# Aqua scape tools



## Deano3 (26 Oct 2012)

Hi can anyone recommend decent set of aquarium tools or what would you recommend I need before my aquarium arrives to trim and plant my carpet ? What general tools are best but don't want to spend a fortune , obviously I will need scissors and tweezers but what would you recommend

Thanks Dean


----------



## Ady34 (26 Oct 2012)

I recommend wave scissors for carpets.... nice curve for easy trimming. Tgm do one for around £20, I have some and use them for trimming everything. They are both accurate and versatile. They are branded 'aquascape pro', don't know if they are listed online there but if you ring up they'll know what you are talking about  
Also I prefer straight tweezers for planting as opposed to the ones with an angled end, try and get some with a very narrow tip as it makes planting easier.
Apart from that you don't really need anything else to start....other than the patience of a saint that only comes from the painstaking practice offered in planting up your newly set up scape  
Good luck
Ady


----------



## Ady34 (26 Oct 2012)

Like these, the wave scissors are obvious and I prefer the straight tweezers as opposed to the ones with an angled tip, they are easier to work with as they create less substrate movement and therefore in my experience more chance of the plant staying put!


----------



## Deano3 (27 Oct 2012)

Thanks for that mate think I will get some ordered later on when get home, straight tweezers and wave scissors sound good to me. Hopefully get used to trimming and planting but plenty of help on here so sure will be fine

Thanks again Dean


----------



## Deano3 (27 Oct 2012)

Also do none of the tools rust etc ?


----------



## jack-rythm (27 Oct 2012)

To save some mega cash Mate get them off Ebay, they all do the same job. I dry mine every time I use them so even though they may not be legit stainless steel they can't rust because I don't leave them wet. I got my long tweezers for 8 quid my curvy scissors for 7 quid and a few scrapers etc for roughly the same. I believe they are stainless steel. Had them about a year and no rust.



Sent from my GT-I9100 using Tapatalk 2


----------



## foxfish (27 Oct 2012)

APF have a nice selection... http://www.aquariumplantfood.co.uk/tool ... tools.html


----------



## jack-rythm (27 Oct 2012)

Wow there cool foxfish  

Sent from my GT-I9100 using Tapatalk 2


----------



## Deano3 (27 Oct 2012)

I will have a look on eBay aswel thanks for info also how to u clean glass use razor blade ? Thanks dean I read not to use  the magnetic ones is that correct 

Thanks dean


----------



## Mark Evans (27 Oct 2012)

When it comes to scissors, buy the best you can afford. 

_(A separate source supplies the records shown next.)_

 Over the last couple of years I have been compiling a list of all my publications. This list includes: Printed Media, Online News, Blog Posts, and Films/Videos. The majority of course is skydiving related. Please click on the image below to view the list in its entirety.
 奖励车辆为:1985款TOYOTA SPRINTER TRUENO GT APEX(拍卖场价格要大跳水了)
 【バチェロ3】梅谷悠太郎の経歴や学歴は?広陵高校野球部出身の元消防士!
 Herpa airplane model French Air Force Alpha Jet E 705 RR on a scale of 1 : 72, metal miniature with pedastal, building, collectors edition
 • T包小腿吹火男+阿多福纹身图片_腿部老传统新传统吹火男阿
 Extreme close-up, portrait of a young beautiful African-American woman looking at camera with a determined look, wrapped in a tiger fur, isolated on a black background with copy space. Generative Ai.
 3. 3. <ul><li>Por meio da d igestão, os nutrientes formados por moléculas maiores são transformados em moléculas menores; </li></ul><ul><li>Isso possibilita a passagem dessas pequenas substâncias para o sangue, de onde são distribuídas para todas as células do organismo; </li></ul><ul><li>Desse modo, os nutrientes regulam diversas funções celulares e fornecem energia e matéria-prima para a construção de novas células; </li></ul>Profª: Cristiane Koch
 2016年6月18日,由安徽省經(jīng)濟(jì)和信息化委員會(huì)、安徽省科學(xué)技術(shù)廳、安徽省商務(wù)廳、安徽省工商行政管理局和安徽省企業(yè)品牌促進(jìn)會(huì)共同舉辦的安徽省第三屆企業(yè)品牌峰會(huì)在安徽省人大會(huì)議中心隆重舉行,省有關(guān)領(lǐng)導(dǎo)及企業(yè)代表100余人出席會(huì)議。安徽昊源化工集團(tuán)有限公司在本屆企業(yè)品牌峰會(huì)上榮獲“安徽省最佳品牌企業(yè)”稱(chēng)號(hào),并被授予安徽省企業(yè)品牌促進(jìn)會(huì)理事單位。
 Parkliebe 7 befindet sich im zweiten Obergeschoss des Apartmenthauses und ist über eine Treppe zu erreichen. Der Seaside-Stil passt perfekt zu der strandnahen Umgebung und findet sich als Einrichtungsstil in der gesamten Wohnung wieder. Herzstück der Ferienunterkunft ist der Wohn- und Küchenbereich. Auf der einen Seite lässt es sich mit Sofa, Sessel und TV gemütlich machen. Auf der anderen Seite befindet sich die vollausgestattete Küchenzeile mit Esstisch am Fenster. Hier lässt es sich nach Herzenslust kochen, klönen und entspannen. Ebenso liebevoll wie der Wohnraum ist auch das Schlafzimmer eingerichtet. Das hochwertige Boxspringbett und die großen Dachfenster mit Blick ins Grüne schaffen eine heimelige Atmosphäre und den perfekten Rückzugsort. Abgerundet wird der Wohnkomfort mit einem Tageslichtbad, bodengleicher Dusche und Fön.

Scissors are the most important part for me. No 2 pairs are the same. You need them slightly tight at the intersection. 

If the UKAPS kits are still available, they really are quite good. 

The finer the point on the tweezers, the better.


----------



## Mark Evans (27 Oct 2012)

Here's what I have.

The smallest pair of scissors are my fave. Great for heavy stem trimming. The angled ones are great for getting into awkward spaces. 

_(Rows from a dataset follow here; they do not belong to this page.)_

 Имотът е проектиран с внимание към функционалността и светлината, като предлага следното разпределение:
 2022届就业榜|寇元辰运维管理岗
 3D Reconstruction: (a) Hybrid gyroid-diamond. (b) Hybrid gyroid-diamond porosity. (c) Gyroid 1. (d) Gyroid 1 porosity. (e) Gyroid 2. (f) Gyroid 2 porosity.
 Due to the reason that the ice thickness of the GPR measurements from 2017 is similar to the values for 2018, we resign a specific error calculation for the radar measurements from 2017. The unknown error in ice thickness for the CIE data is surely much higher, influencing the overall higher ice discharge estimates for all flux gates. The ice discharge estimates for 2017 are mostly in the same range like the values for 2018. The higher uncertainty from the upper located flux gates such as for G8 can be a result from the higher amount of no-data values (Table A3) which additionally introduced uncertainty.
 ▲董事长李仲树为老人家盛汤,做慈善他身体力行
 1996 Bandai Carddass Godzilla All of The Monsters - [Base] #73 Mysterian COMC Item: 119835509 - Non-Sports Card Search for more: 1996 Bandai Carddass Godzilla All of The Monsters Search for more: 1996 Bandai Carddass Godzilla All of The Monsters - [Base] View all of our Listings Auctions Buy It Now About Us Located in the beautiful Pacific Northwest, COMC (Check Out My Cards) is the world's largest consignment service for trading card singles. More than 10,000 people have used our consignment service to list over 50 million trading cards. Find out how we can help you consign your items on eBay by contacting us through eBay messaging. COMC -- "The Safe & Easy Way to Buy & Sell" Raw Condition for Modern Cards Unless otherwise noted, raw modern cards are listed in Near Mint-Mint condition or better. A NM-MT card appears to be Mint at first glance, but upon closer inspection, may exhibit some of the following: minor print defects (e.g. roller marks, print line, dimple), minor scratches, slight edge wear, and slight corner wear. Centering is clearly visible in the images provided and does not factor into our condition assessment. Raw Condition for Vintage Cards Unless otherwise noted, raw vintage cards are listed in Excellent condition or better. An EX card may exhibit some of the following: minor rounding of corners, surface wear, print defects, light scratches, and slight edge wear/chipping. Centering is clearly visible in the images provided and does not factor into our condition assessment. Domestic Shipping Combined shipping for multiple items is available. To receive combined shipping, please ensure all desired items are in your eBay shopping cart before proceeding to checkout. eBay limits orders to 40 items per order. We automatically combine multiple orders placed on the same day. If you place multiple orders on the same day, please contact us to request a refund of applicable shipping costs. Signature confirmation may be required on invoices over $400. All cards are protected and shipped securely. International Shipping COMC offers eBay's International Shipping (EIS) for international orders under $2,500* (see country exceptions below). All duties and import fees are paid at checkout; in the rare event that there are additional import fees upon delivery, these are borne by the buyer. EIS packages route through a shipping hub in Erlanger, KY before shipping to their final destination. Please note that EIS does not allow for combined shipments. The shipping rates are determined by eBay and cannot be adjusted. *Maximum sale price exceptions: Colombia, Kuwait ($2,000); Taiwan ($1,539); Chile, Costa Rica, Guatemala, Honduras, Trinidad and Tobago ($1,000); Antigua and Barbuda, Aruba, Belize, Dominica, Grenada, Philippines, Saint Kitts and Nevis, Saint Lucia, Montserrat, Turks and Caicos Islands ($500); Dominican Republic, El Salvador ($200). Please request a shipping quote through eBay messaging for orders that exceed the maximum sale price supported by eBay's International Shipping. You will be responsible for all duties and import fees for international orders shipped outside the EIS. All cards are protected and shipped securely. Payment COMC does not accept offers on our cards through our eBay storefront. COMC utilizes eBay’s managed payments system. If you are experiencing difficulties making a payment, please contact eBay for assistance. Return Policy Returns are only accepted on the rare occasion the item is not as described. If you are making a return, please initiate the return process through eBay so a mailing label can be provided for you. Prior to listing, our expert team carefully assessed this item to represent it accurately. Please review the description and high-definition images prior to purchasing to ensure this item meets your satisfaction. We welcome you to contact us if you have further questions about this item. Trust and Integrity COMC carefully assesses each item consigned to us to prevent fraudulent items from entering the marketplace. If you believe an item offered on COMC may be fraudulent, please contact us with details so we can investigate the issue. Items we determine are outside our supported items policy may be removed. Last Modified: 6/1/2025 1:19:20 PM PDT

tools by saintly's pics, on Flickr


----------



## Nathaniel Whiteside (27 Oct 2012)

What brand are they mark if you don't min me asking? Are they the carbide steel upgrade ones from TGM?


----------



## Nathaniel Whiteside (27 Oct 2012)

I've found the TMC aquagro ones of a reasonable quality vs. price.


----------



## Deano3 (27 Oct 2012)

Thanks mark anyone know of the ukaps are still available ? So you would advise buying a decent set from the likes of aquarium plant food etc , thanks again

Dean


----------



## Iain Sutherland (27 Oct 2012)

hey deano, worth looking at these 
http://www.ebay.co.uk/itm/STAINLESS-TIP ... 3f07d65d62

http://www.ebay.co.uk/itm/5Pc-Aquarium- ... 3f092b420a

havent tried the scissors but the tweezers are top notch, light and fine tips.


----------



## Mark Evans (27 Oct 2012)

Whitey89 said:
			
		

> What brand are they mark if you don't min me asking? Are they the carbide steel upgrade ones from TGM?

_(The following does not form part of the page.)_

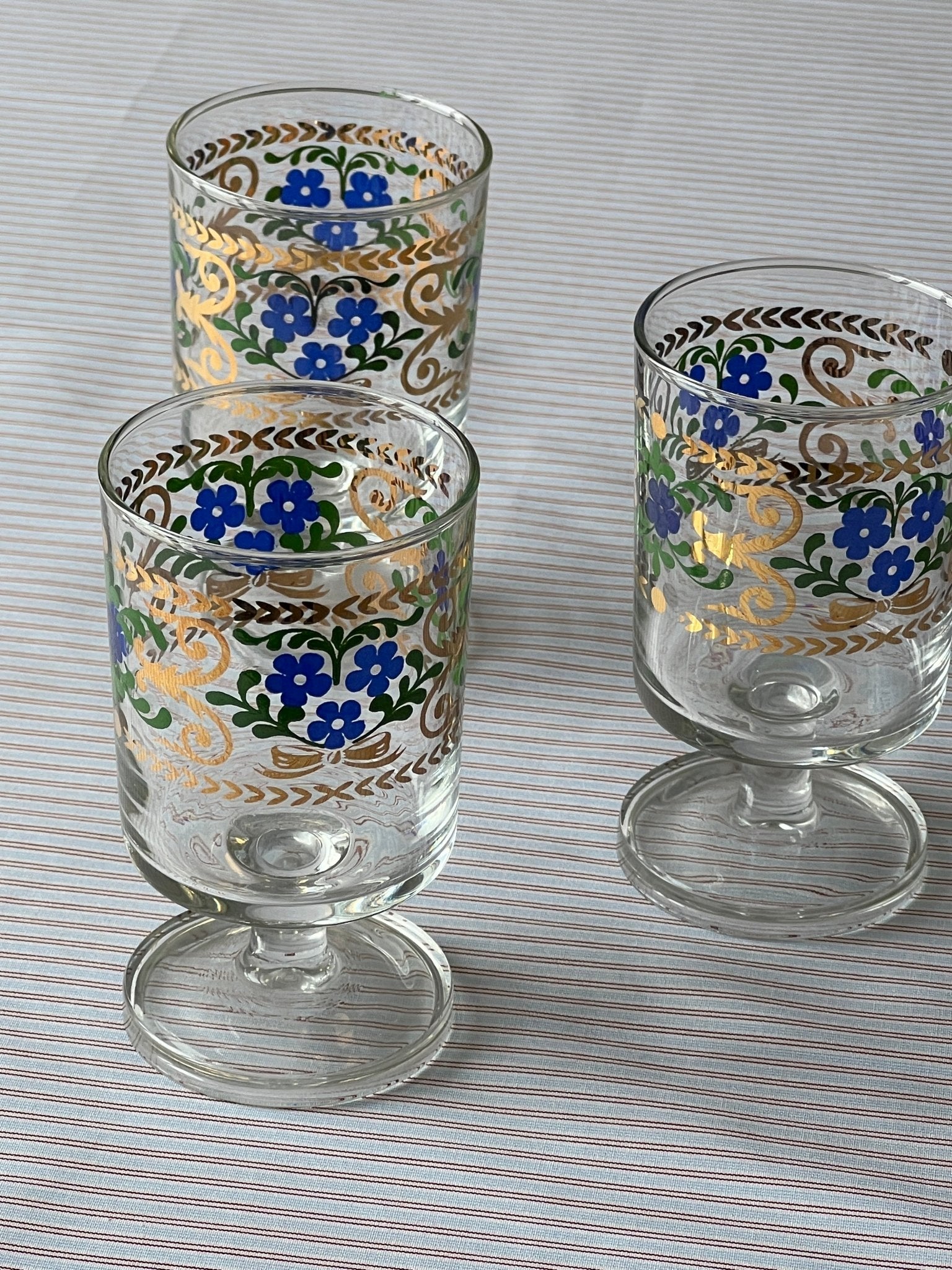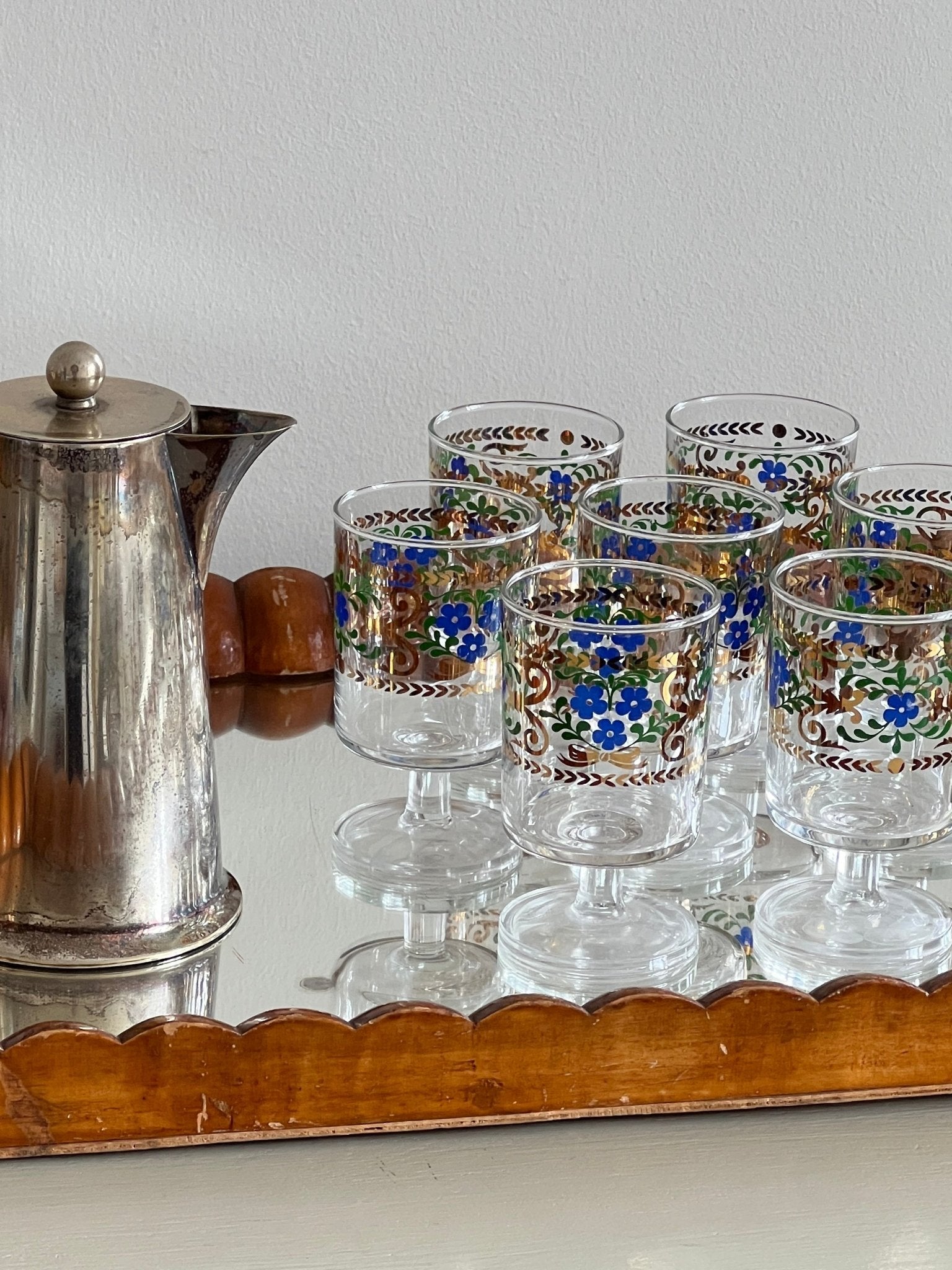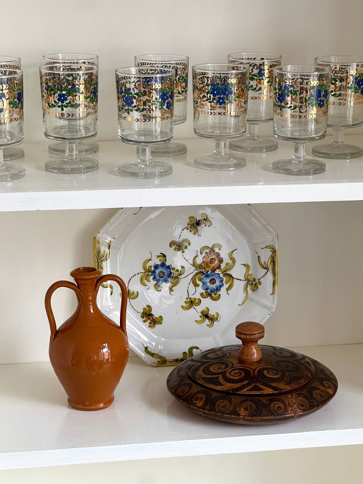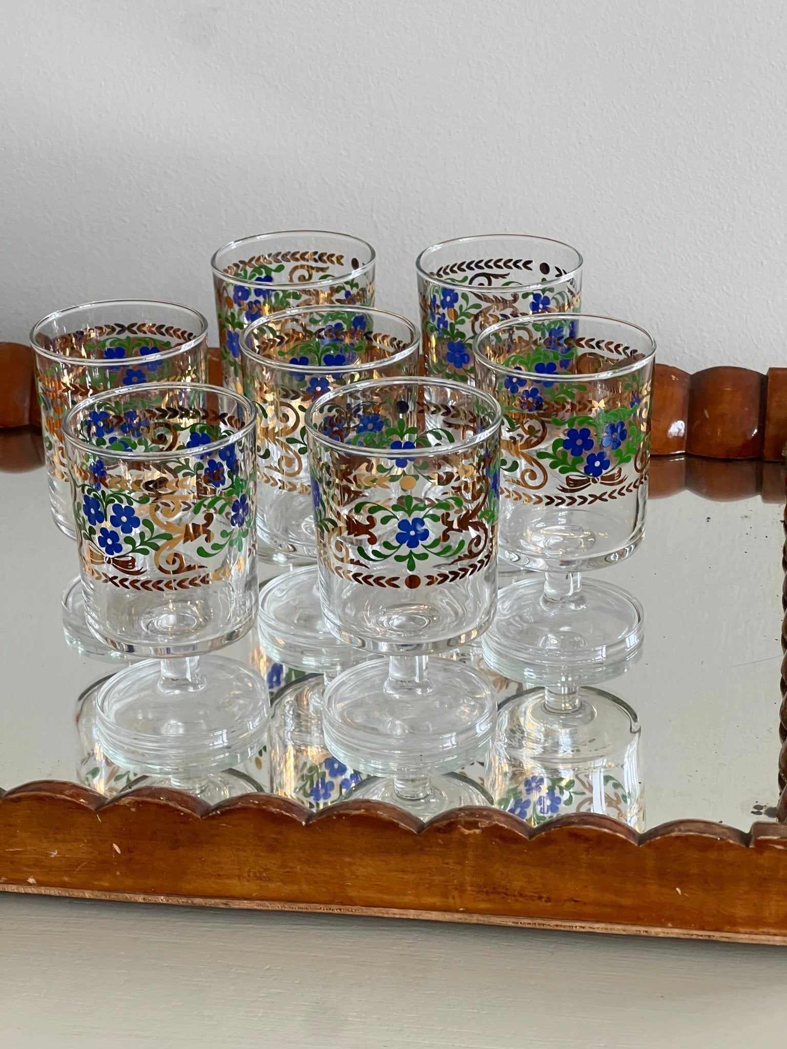 Beautiful French wine glasses with floral decor. 8 pcs are available. In excellent vintage condition.

Like the idiot I can be, I lost the contact details of the guy I bought these off. I purchased them @ Vivarium. I know they're made in Germany.

I've put these side by side with ADA tools, and they are seriously, no different. 

When I bought them I tried 3 or 4 of each (even though they are identical) Like I mentioned, no 2 pairs are the same, but I eventually settled for the ones you see.

I do a lot of work with the shortest of the 4 pairs of scissors, but the others do come in to play at some time or another. 



			
				Deano3 said:
			
		

> Thanks mark anyone know of the ukaps are still available ? So you would advise buying a decent set from the likes of aquarium plant food etc , thanks again



Contact Dan Crawford to see if there's any. They're great kits, and i used them for some time with no major issues. 

I believe freshwater shrimp may be getting some good tools in at some point. Contact them also.


----------



## Nathaniel Whiteside (27 Oct 2012)

Thanks Mark, I think I've heard you mention this before actually now. They look very impressive, Like your about to perform an Op ha


----------



## Deano3 (27 Oct 2012)

http://www.ebay.co.uk/itm/5Pc-Aquarium- ... 3f092b420a

this set seems decent if all good quality what you think ? if not i am going to contact the person mark listed to see about ukaps tools

thanks Dean


----------



## Deano3 (27 Oct 2012)

Tryed contacting dan Crawford but says user doesn't exist lol not teed the other one yet I will when get home

Dean


----------